Global Warming and Cooling

[Introduction]
The Earth's climate varies considerably from place to place, and it's very important to us. One of the most important things about climate is the temperature, and in this package you will be given the power to change it. Not of course the real temperature, but the temperature calculated by a climate model - a model that is at your command.

[A climate model]
The global mean surface temperature depends on the radiation the Earth's surface receives from the Sun. It also depends on the infrared radiation received from the atmosphere. These are the main energy gains. The temperature also depends on the losses, notably the infrared radiation leaving the surface, and heat transferred upwards through convection.

There are many factors on which these gains and losses depend. All the important ones are included in the climate model in this package, though only some of them are available for you to change.

[The factors]
Here is a list of the important factors in the model that you can change. To get information on each of these factors you can click on its icon. Try it now.

[The model]
The model consists of a set of mathematical equations. These represent the input of energy from the Sun to the Earth's atmosphere and surface, the various ways in which energy is transferred between the atmosphere and surface, the loss of energy from the atmosphere and surface to space.

When the model is running, it takes the value of the solar constant and of all the other factors, and does a lot of calculations. The outcome is the new steady state global mean surface temperature.

[Coupling between factors]
So far, when you've changed a factor, all the other factors stayed fixed. This enabled you to explore the effect of each factor one at a time. Nature is a bit more complicated than this. For example, suppose that there was an increase in the solar constant. The immediate effect would be an increase in the Earth's surface temperature. But this would then cause a decrease in the fraction of the Earth's surface covered in ice and snow, and an increase in the water content. This is called coupling between factors.

[Variation with latitude and season]
Up to now we've only been concerned with the global mean surface temperature. In fact, as we all know, temperatures vary from place to place, and from month to month. More elaborate climate models can handle these variations. You can now explore the data from one such model.

[Animation 1]
This is the Earth at a particular position in its orbit. The column shows a certain amount of solar radiation , and it falls on a region of the Earth's surface at the equator. A region with the same area but well away from the equator gets less solar radiation, as shown by the narrower column, and the region centred on the south pole gets none at all. A region with the same area centred on the north pole gets a small amount of radiation. The Earth moves around the Sun, with its rotation axis in a fixed direction. Six months later the Earth has moved to here. A region at the equator still receives more solar radiation than a region with the same area nearer the poles. Averaging over the whole year, the further the region from the equator, the less solar radiation it receives. It is for this reason that the mean surface temperature generally decreases as latitude increases.

[Animation 2]
Consider a region at a northern latitude, and a region with the same area and just as far from the equator, but at a southern latitude.
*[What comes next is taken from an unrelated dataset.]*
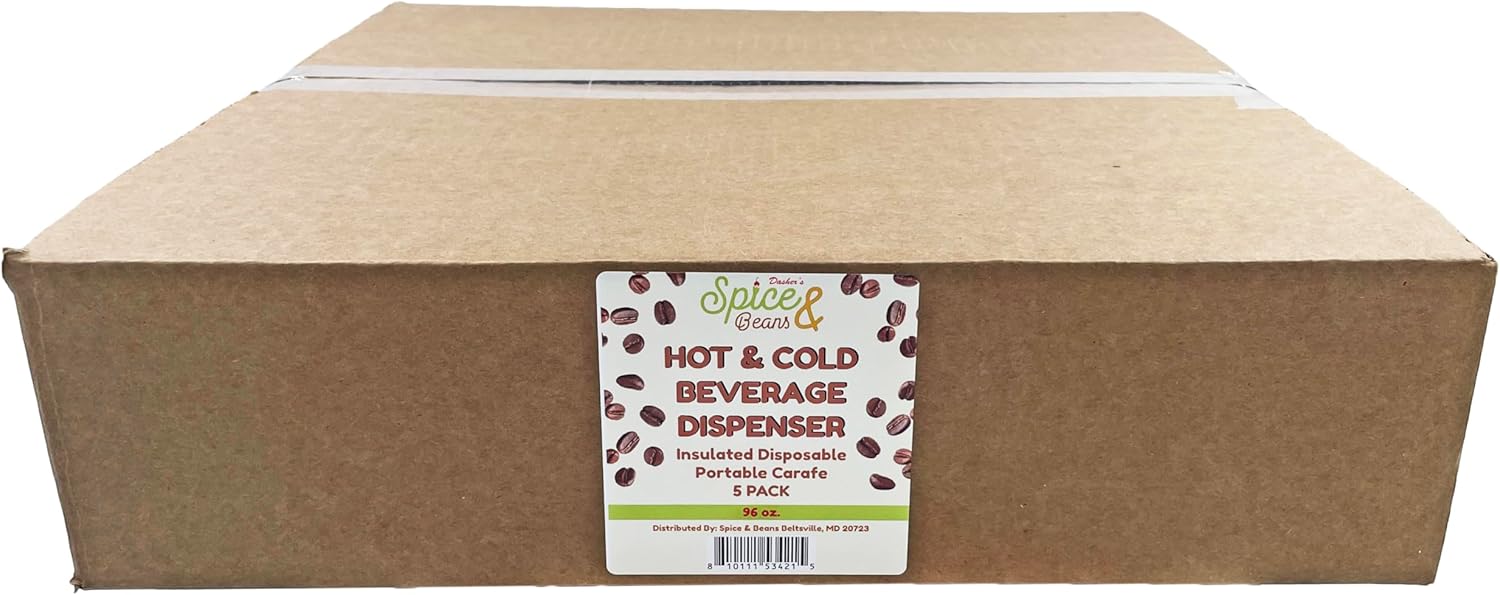 Item Package Quantity:5 | Size:96 oz This 96 oz. coffee/hot/cold beverage take out container's inner bag automatically inflates when poured into, so filling is quick and sanitary. With its compact design for minimal storage space this coffee/beverage to go container is a perfect way to add bulk coffee/beverage take out to your kitchen or business.

Here, the southern region receives less solar radiation than the northern region. It is winter in the southern hemisphere and summer in the northern hemisphere. The Earth moves around the Sun, with its rotation axis in a fixed direction. Six months later the Earth has moved to here. The southern region now receives more solar radiation than the northern region. It is now summer in the southern hemisphere and winter in the northern hemisphere. The temperature changes through the year are thus the result of the fixed tilt of the Earth's rotation axis, combined with the motion of the Earth around the Sun.

[Conclusion]
You have now seen the effects on the Earth's surface temperature of changing several factors that determine climate. The models used here are simplified to fit into your computer, and so the calculated temperature changes are not the most accurate we could have calculated, but they are illustrative - they are broadly right.

There are however two aspects of climate that haven't been included in this package. First, we've only considered the temperature aspect, not rainfall, winds etc. Second, we haven't considered variations in climate with longitude. These variations can be large. For example, though north west Europe and central Canada have the same latitude they have different longitudes, and central Canada has a much more extreme climate than north west Europe.

Longitude variations in climate arise from longitude variations in the Earth's surface - oceans, continents, mountain ranges and the like. But though we haven't considered longitude variations, nor aspects such as rainfall and so on, you have nevertheless made an important start in exploring the richly varied climate of our planet.